Last week, members of a Hindu outfit, ‘Seva Senai’, based in northern Sri Lanka, staged a protest in Jaffna, calling for a ban on cow slaughter and the sale of beef in the town of Chavakachcheri.
“This is the land of Hindus and Buddhists. We worship the cow. Our tradition must be respected,” they demanded, days before Ramzan began.
In essence, they were a group of Tamil Hindus, who were asking fellow minorities, Tamil-speaking Muslims, to adhere to Hindu “tradition”.
When the organisation was founded less than two years ago to “prevent religious conversion and counter Muslim and Christian domination” in the island’s north and east, many saw it as a “fringe group” that did not merit attention. However, its recent campaign — including a petition to the urban council to ban cow slaughter in the area — showed it has since won some sympathisers.
Further, their message reflected the religious biases within the Tamil society that have grown more apparent after the war ended in 2009. A similar anti-minority sentiment emerged during the February local authority elections when some Tamil political groups and media houses resisted Jaffna Mayor Emmanuel Arnold being chosen for the post, citing “Christian domination” of Tamil politics.
The anti-beef campaigners in the Tamil-majority north have some ready allies in the south, especially among Sinhala-Buddhist forces. In Dehiwala, a suburb of Colombo where many Muslims reside, a cow vigilante organisation has put up a giant hoarding with an image of Shiva sitting on a bull. In bold Sinhala letters it reads, “God bless those of you who don’t eat beef.” More recently, a Sinhala newspaper reported the ban on beef sale in parts of the southern town of Embilipitiya, at the request of a Buddhist monk.

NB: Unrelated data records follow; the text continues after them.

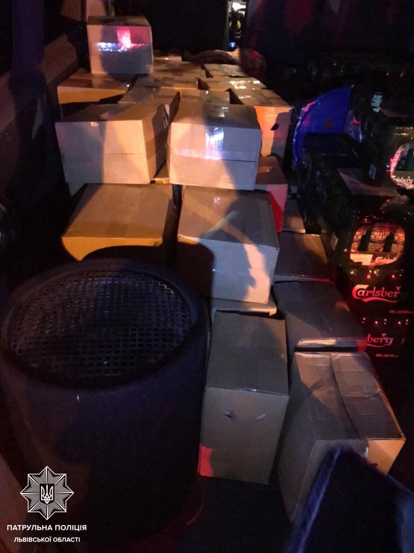 Учора близько 22-ї години на одному із блокпостів львівські патрульні зупинили автомобіль Mercedes-Benz Vito. Під час перевірки транспортного засобу в автомобілі виявили 50 ящиків із невідомим вмістом.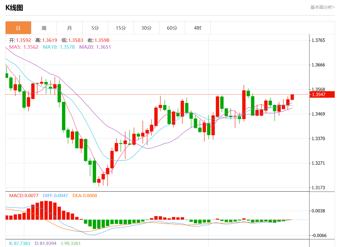周三盘中,美元/加元报1.3547,涨幅0.15%。 今日分析:在1.3515之上,看涨,目标价位为1.3570,然后为1.3585。 技术点评:RI技术指标看涨,有进一步向上趋势。 支撑位:1.36001.35851.3570 阻力位:1.35151.34951.3480 (亚汇网编辑:静香)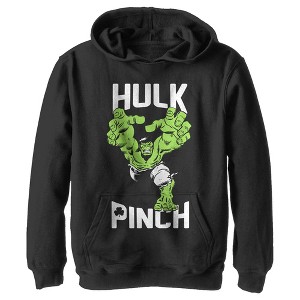 It's your lucky day because you've got an entire team of superheroes to make sure you don't get pinched with this awesome officially licensed Marvel St. Patrick's Day Pinching Hulk Boys' Hoodie. This festive hoodie features a graphic of the Incredible Hulk with his arms out and "Hulk Pinch" printed around him.
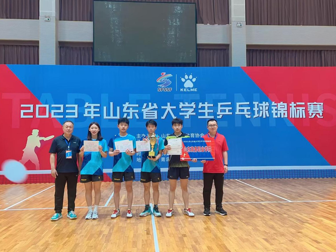 本站讯 6月3日—8日,2023年山东省大学生乒乓球锦标赛在青岛市黄岛区青岛职业技术学院体育馆举行。我校共派出4名运动员参加乙组比赛,经过激烈角逐,我校荣获团体总分一等奖,并取得男子团体第七名、混双第三名、女子单打第四名、男子单打第六名的好成绩。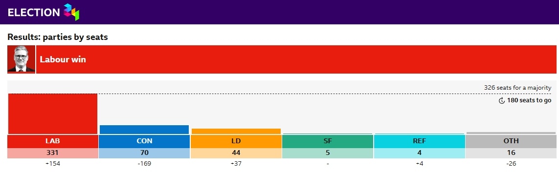 根據(jù)英國大選計(jì)票結(jié)果,當(dāng)?shù)貢r(shí)間5日凌晨,工黨在議會(huì)下院選舉中贏得超過半數(shù)席位,獲得選舉勝利。工黨黨首基爾·斯塔默將出任新一任英國首相并組建政府。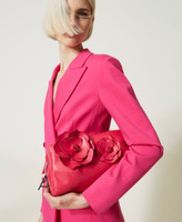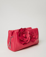 Pochette de la collection Actitude effet cuir souple avec fleurs 3 D appliquées, fermeture éclair et tirette siglée.
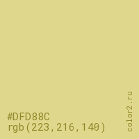 Цвет #DFD88C в цветовой модели RGB обозначается тремя октетами (223, 216, 140) в десятичном формате и #DFD88C в шестнадцатиричном (hex) формате, которые являются интенсивностью красного 223 (hex DF), интенсивность зелёного 216 (hex D8) и интенсивность синего 140 (hex 8C).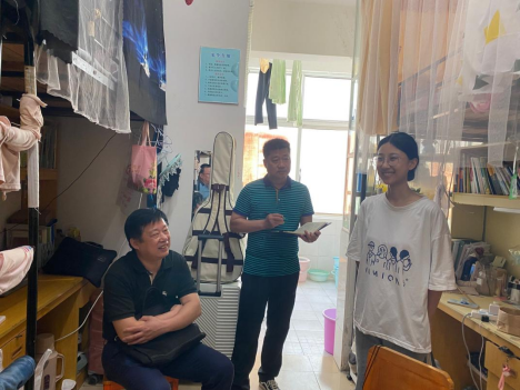 随后,尹家经副经理一行深入到经法系员工宿舍调研,了解员工的住宿情况,对员工们反映的暑期留校住宿问题及学习教师开放问题进行了解答。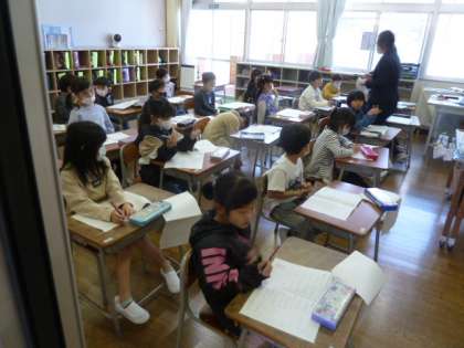 学校が始まって4日目。どの学級も落ち着いて、初めの学習や学級活動に取り組んでいます。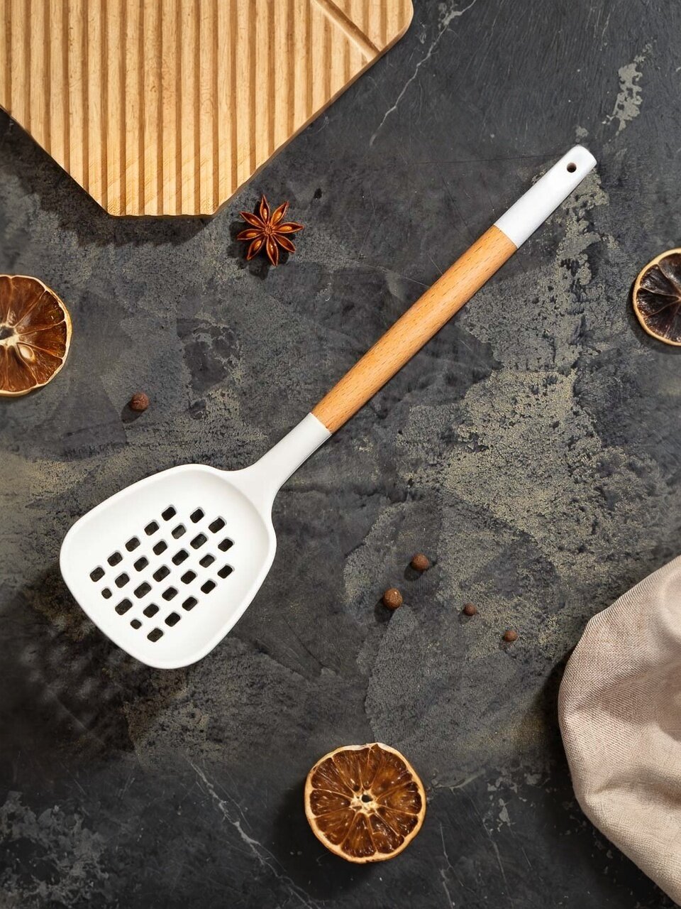 Откройте для себя удобство и стиль с шумовкой Daniks Skandi, которая станет незаменимым помощником на кухне. Изготовленная из экологичного бамбука и прочного силикона, она сочетает в себе функциональность и современный дизайн. Идеально подходит для использования в повседневной готовке, обеспечивая легкость и комфорт в каждом движении.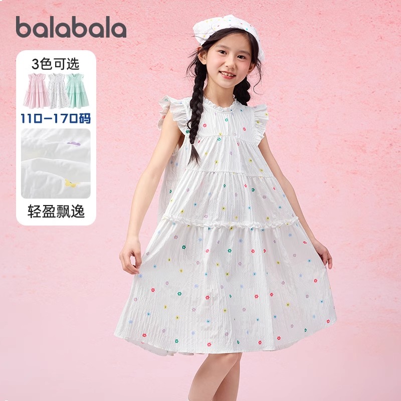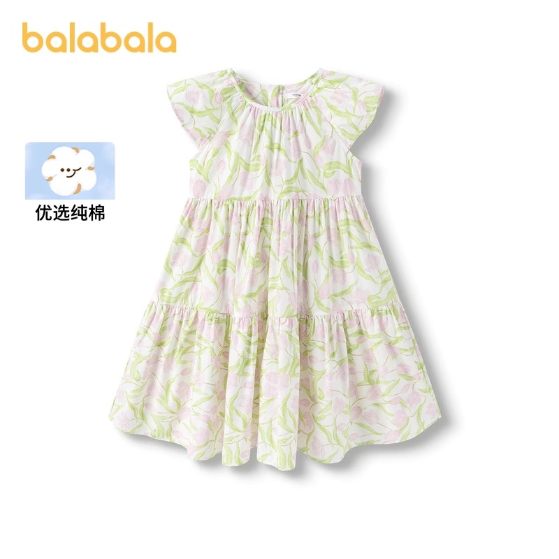 巴拉巴拉女童连衣裙大童纯棉洋气公主裙儿童碎花裙子夏装新款童装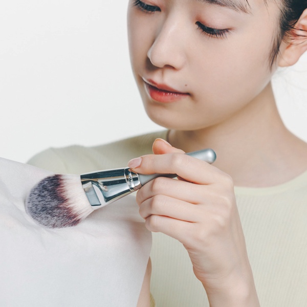 ふんわりとした仕上がりや透明感、自然なツヤ感を残したい人は、ブラシを使ってフェイスパウダーを塗布するのがおすすめ。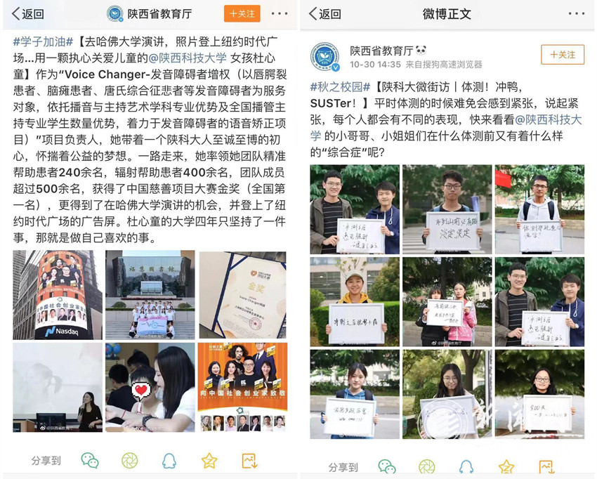 截至目前,陜西科技大學(xué)新媒體所發(fā)布話題不僅在校內(nèi)師生中廣為流傳,也被陜西省教育廳、陜西身邊事、陜西都市快報、陜西微生活、華商網(wǎng)、人民網(wǎng)陜西頻道等多家媒體平臺進(jìn)行了轉(zhuǎn)發(fā)和報道。
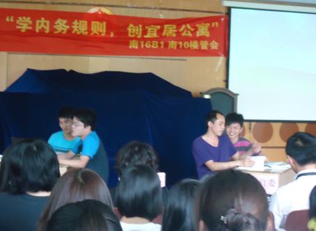 活动首先由黄河老师致辞,并介绍此次活动的背景、目的以及活动基本情况。接着,同学们表演了别开生面的小品《乱“室”家人》,小品让同学们深有感触,踊跃地发表了各自感想,并对如何搞好内务卫生提出建设性意见。接着,优秀寝室的图文展示,使同学们对于优秀的内务卫生有一个直观的认识,优秀寝室成员也随之畅谈对宿舍文化的认识、保持宿舍卫生优秀的窍门、对男生寝室如何保持良好卫生的建议等卫生方面的心得。通过回答小问题的环节,考察了同学们对员工处下发的关于卫生奖励与处罚相关条例的了解程度,同时也借此对同学们进行一次宿舍管理条例的再教育,增强了同学们对寝室卫生的重视。

These developments cannot be seen isolated from the surge in anti-Muslim attacks in Sri Lanka’s Sinhala-majority south since 2012, prompting many to wonder if the minority community, which makes about 10% of the country’ population, had become a new target after the end of the civil war. In the eastern province that is home to a sizeable Muslim community, Muslim women’s attire has become a major talking point for Tamils.
Shocking call
In an island whose cuisine has fans world over — especially its exotic sea food and meat dishes — a call to ban beef sounds shocking to many locals. All the same, resistance to such protests has been limited to social media forums.
Some Tamil civil society activists issued a statement condemning the “communally divisive” protest in Jaffna last week, and even hinted at influence of a “neighbouring country”, but the political leadership is yet to challenge what anti-beef campaigners questionably term “our culture and tradition”.
The Sinhala polity has seldom challenged the influential Buddhist clergy, including hardliners, who are said to be driving these campaigns. In fact, the politicians’ now-familiar silence remains at the heart of the spate of anti-Muslim attacks witnessed in the last few years, most recently in Kandy in February.
On the other hand, the Tamil leadership — within the ambit of their predominantly nationalist politics — is yet to take a stance on religious or caste divisions within society. As Tamil leaders push for a political solution to the national question, progressives worry that the leaders’ silence on growing religious intolerance and discrimination within the community might prove dangerous.